On March 23, 2018, 38-year-old Walter Huang was killed when his Tesla Model X crashed into a freeway divider on Highway 101 near Mountain View, California and proceeded to catch fire – the vehicle’s Autopilot system was engaged at the time.

Since then, Tesla has released two statements (March 27 and 30) to shed more light on the incident, with information extracted from the vehicle’s computer logs. According to the carmaker, the Autopilot system was indeed engaged, but the driver’s hands were not detected on the steering wheel for six seconds prior to the collision.

It added that the system had actively provided several visual and one audible hands-on warnings earlier in the drive, but these were not heeded. Furthermore, it noted the driver had about five seconds and 150 metres of unobstructed view of the concrete divider, but zero action was taken to prevent the crash.

Tesla also said the severe nature of the crash was because the crash attenuator, a highway safety barrier which is designed to reduce the impact into a concrete lane divider, had been crushed in a prior accident without being replaced. It said it had “never seen this level of damage to a Model X in any other crash.”

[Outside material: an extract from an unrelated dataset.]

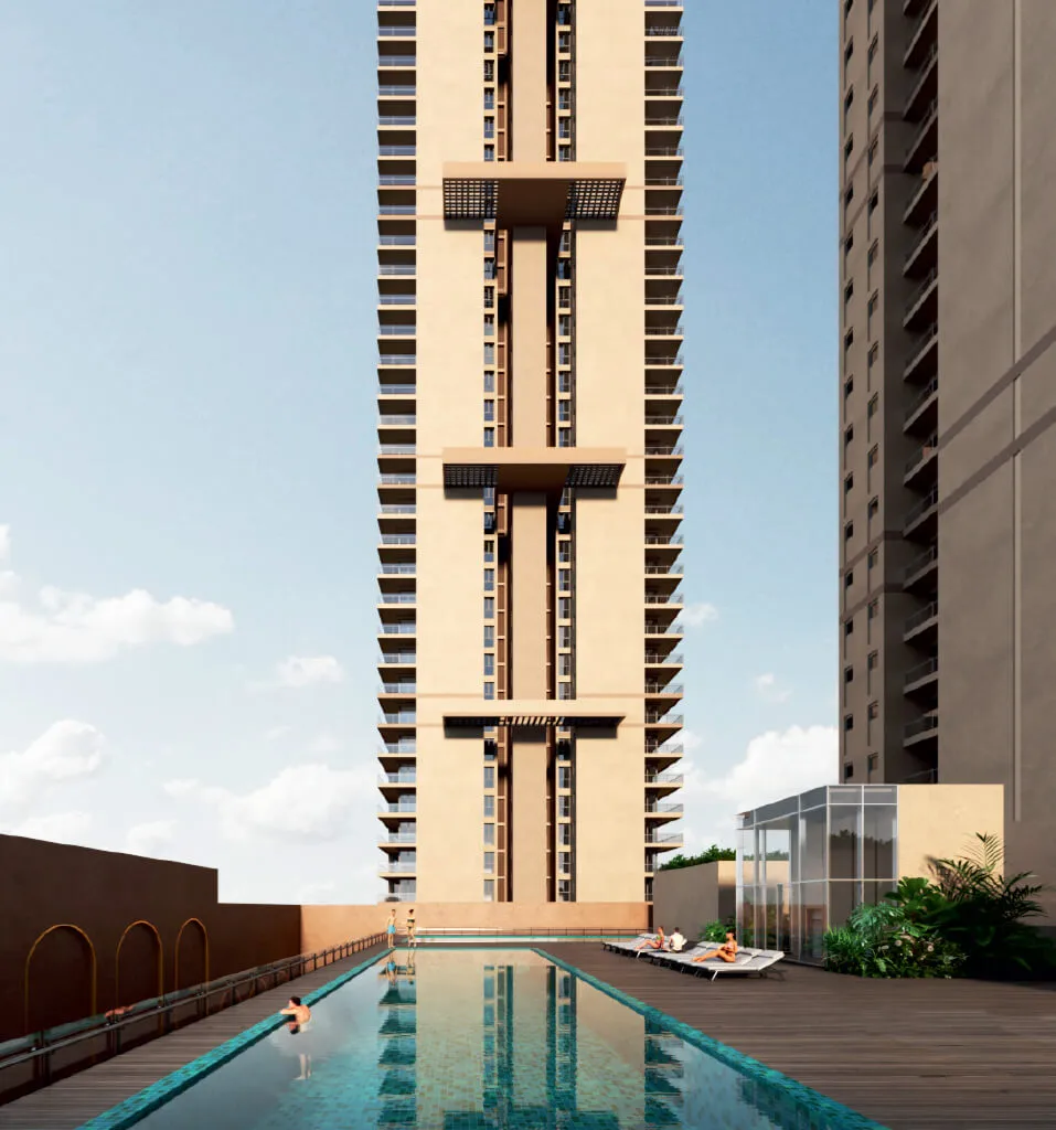 There are 2 high rise towers Ground + 41 Floor & Ground + 38 offers 360 degree view of the city skyline.

To reassure the public that the Autopilot system is safe, Tesla said owners have driven pass the same stretch of highway where the incident took place with the system active without incident – about 85,000 times since Autopilot was first rolled out in 2015 and roughly 20,000 times since the beginning of the year. It stated “there are over 200 successful Autopilot trips per day on this exact stretch of road.”

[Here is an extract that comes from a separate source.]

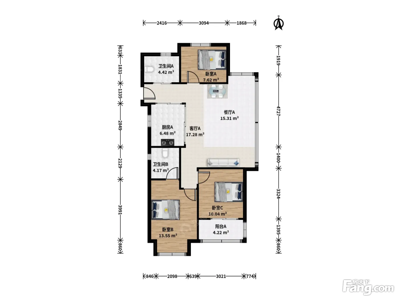 户型齐全,主打南北通透,全明格局,户型方正三居

While the information released may be pretty comprehensive, the U.S. National Transport Safety Board (NTSB), which are the government agency responsible for investigations are not pleased about Tesla’s decision to do so.

According to a report by The Washington Post, rules governing investigations state “party participants or their respective organisations must refrain from providing opinions or analysis of the accident outside of the participants in the investigation. Failure to abide by these requirements may lead to removal of a party from the investigation.”

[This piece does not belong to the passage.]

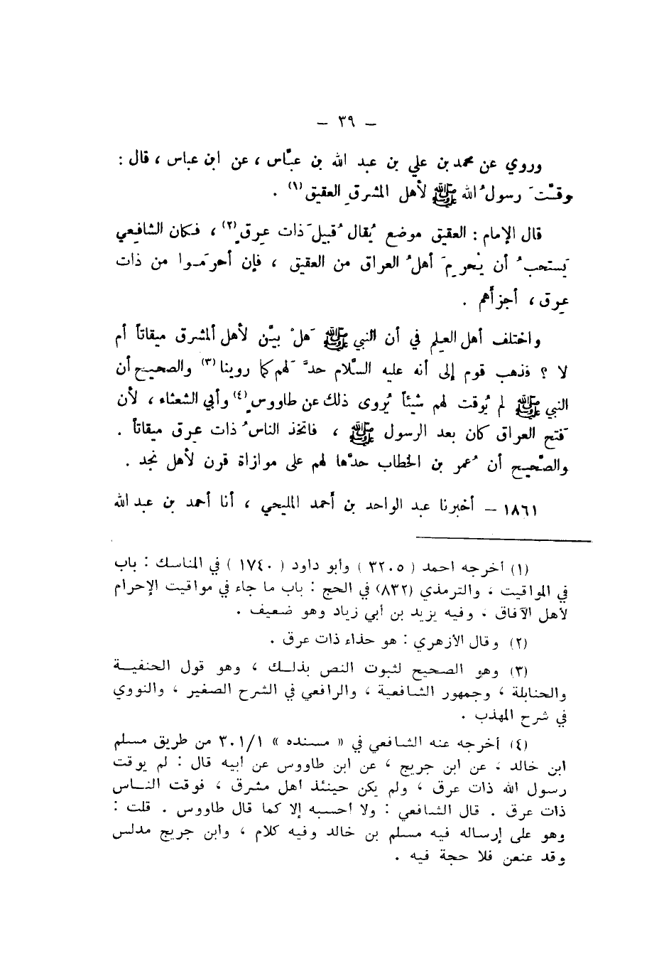 وَرُوِيَ عَنْ مُحَمَّدِ بْنِ عَلِيِّ بْنِ عَبْدِ اللَّهِ بْنِ عَبَّاسٍ، عَنِ ابْنِ عَبَّاسٍ، قَالَ: وَقَّتَ رَسُولُ اللَّهِ صَلَّى اللهُ عَلَيْهِ وَسَلَّمَ لأَهْلِ الْمَشْرِقِ الْعَقِيقَ.

Tesla CEO Elon Musk addressed NTSB’s concerns in a tweet on April 3 recently, saying, “lot of respect for NTSB, but NHTSA (National Highway Traffic Safety Administration) regulates cars, not NTSB, which is an advisory body. Tesla releases critical crash data affecting public safety immediately and always will. To do otherwise would be unsafe.”

The incident has opened up more questions on how to approach the issue of self-driving cars, in the wake of this month’s fatal Uber crash involving a pedestrian and an autonomous car. The death of a Huang is the third involving the Autopilot system, with other cases being Gao Yaning in China and Joshua Brown in Florida. In both cases, the drivers’ Model S had their systems engaged at the time.